A maneira que encontrei de lidar com a sombra na minha frente
Estava no bar de um restaurante ao lado de casa outro dia, aguardando para ser levada à mesa, quando um morador das redondezas puxou conversa. Perguntou o que eu fazia. Expliquei que era coach e terapeuta holística e ele pareceu bastante intrigado (“inconformado” descreveria melhor). E então perguntou: “mas o que você realmente quer fazer da vida?” Ao que eu respondi: “eu já estou fazendo o que quero da vida, pensei que tivesse acabado de explicar. Pra mim é um privilégio poder ajudar as pessoas em seu desenvolvimento, em fazer o que podem para alcançar seu potencial.” E então um homem da mesa de trás disse, num tom jocoso: “John, ela pode ajudá-la a alcançar seu potencial! Imagine isso! Por que você não a contrata?”

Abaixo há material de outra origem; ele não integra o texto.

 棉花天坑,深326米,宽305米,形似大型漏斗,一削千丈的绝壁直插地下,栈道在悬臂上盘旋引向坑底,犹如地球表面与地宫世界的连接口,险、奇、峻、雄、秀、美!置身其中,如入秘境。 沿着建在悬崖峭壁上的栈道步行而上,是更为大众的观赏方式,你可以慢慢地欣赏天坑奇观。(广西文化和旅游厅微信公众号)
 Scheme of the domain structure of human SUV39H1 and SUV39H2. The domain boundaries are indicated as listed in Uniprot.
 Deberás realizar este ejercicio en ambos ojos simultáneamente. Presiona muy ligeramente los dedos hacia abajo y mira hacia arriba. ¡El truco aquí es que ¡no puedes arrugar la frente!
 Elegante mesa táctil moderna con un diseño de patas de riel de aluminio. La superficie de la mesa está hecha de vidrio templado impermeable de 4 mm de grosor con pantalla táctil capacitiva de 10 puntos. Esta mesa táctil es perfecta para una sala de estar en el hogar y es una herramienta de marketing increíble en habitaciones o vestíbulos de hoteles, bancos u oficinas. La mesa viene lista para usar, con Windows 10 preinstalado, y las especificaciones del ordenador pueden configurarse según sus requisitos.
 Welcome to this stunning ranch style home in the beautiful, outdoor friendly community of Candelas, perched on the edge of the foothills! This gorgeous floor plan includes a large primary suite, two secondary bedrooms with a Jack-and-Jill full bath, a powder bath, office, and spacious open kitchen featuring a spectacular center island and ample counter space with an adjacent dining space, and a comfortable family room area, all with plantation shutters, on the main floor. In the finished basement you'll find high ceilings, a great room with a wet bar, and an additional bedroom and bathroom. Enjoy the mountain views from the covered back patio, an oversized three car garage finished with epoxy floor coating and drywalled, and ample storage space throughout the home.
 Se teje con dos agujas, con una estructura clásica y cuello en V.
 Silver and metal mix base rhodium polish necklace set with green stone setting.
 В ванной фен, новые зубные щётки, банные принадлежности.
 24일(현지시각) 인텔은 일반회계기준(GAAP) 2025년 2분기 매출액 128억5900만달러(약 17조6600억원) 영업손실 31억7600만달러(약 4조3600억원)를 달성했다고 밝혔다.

Naquela mesma semana eu tinha tido um sonho. Não sou muito de ter sonhos onde a lição é clara, mas neste um palestrante me dizia: “você tem que perguntar ‘por que?’ três vezes, só aí você vai achar a resposta. Às vezes a própria terceira pergunta é a resposta.”
Ao chegar em casa, resolvi fazer o exercício:
– “Por que continuo atraindo gente que ri do meu trabalho?”
– Porque eu mesma não me levo a sério.
– Por que eu não me levo a sério?
– Porque apesar de todo o feedback que recebo sobre o meu trabalho, tem algum lugar lá no fundo que acha que sou uma farsa.
– Por que acho que sou uma farsa?
– Porque por mais que eu faça, nunca acho que é o suficiente: não medito o suficiente, não estudo o suficiente, não purifico o meu canal o suficiente.”
Ou seja, aquele homem só estava espelhando o que estava dentro de mim mesma. Os pensamentos de dúvida que eu tenho sobre mim mesma, como se não bastassem ocupar minha mente, estavam agora materializados nas vozes daqueles dois homens.
Apesar de ter trazido a situação pra mim e ter feito um questionamento interno, uma coisa ainda estava me incomodando: embora tenham me mostrado a minha sombra, o quanto aqueles dois homens estavam isentos de responsabilidade?
Joguei esta pergunta numa rede social e recebi vários conselhos, um deles muito valioso: que eu considerasse estas pessoas única e exclusivamente como uma manifestação do meu subconsciente para me mostrar algo que preciso trabalhar em mim.
Esta tarefa não é fácil. Uma das razões é que eu não vejo esta minha sombra personalizada em uma mulher, por exemplo. Com exceção de uma única vez que uma mulher questionou como eu exercia a profissão de coach sem ter um diploma de psicóloga, fato é que eu recebo este tipo de comentários vindo de homens.
Acho que ainda temos um caminho longo pela frente em reeducar a maneira com que os homens se comunicam conosco. Então a forma que encontrei de lidar com este tipo de situação foi fazer as duas coisas: não tirar a responsabilidade sobre meu trabalho interno e culpar o outro, mas também não me furtar de mostrar àquela pessoa que o jeito que ela se comunica é desrespeitosa (ou pelo menos é como eu me sinto sobre a maneira de ela se comunicar, como se diz na Comunicação Não-Violeta).
E uma arma que tem sido bastante importante neste trabalho é ter me educado sobre quatro maneiras que os homens têm de se comunicar, muitas vezes sem se aperceberem disto:
– Mansplaining – união das palavras man (homem) + explaining (explicar): quando um homem explica didaticamente uma coisa óbvia para uma mulher, como se ela fosse incapaz de entender, ou ignorando o fato de que ela já sabe (como dirigir, por exemplo);
– Manterrupting – união das palavras man (homem) + interrupting (interromper): quando um homem interrompe uma mulher porque acha que o que ele tem pra falar é muito mais relevante do que o que ela está falando (ou talvez só porque ele acha que pode);
– Bropriating – união das palavras bro (mano) + appopriating (explicar): quando um homem se apropria da ideia de uma mulher;
– Gaslighting – expressão tirada de um filme com o mesmo nome: quando um homem manipula uma mulher psicologicamente de tal maneira que ela comece a duvidar de sua sanidade mental. Não, isso não acontece só em filmes – quando um homem diz uma coisa e depois nega que disse, quando te chama de louca etc, tudo está aí dentro deste pacote.
O que faço agora quando acho que estou passando por alguma dessas coisas, pergunto para a pessoa: “você sabe o que é manterrupting?” e se ela não sabe, explico. Normalmente o que acontece é que a pessoa tem uma tomada de consciência e é obrigada a olhar para aquilo, para o quanto ela usa aquilo. E fica mais impessoal do que dizer: “você me interrompe toda hora”. E então eu deixo ela lidando com a sombra dela, e vou lidar com a minha.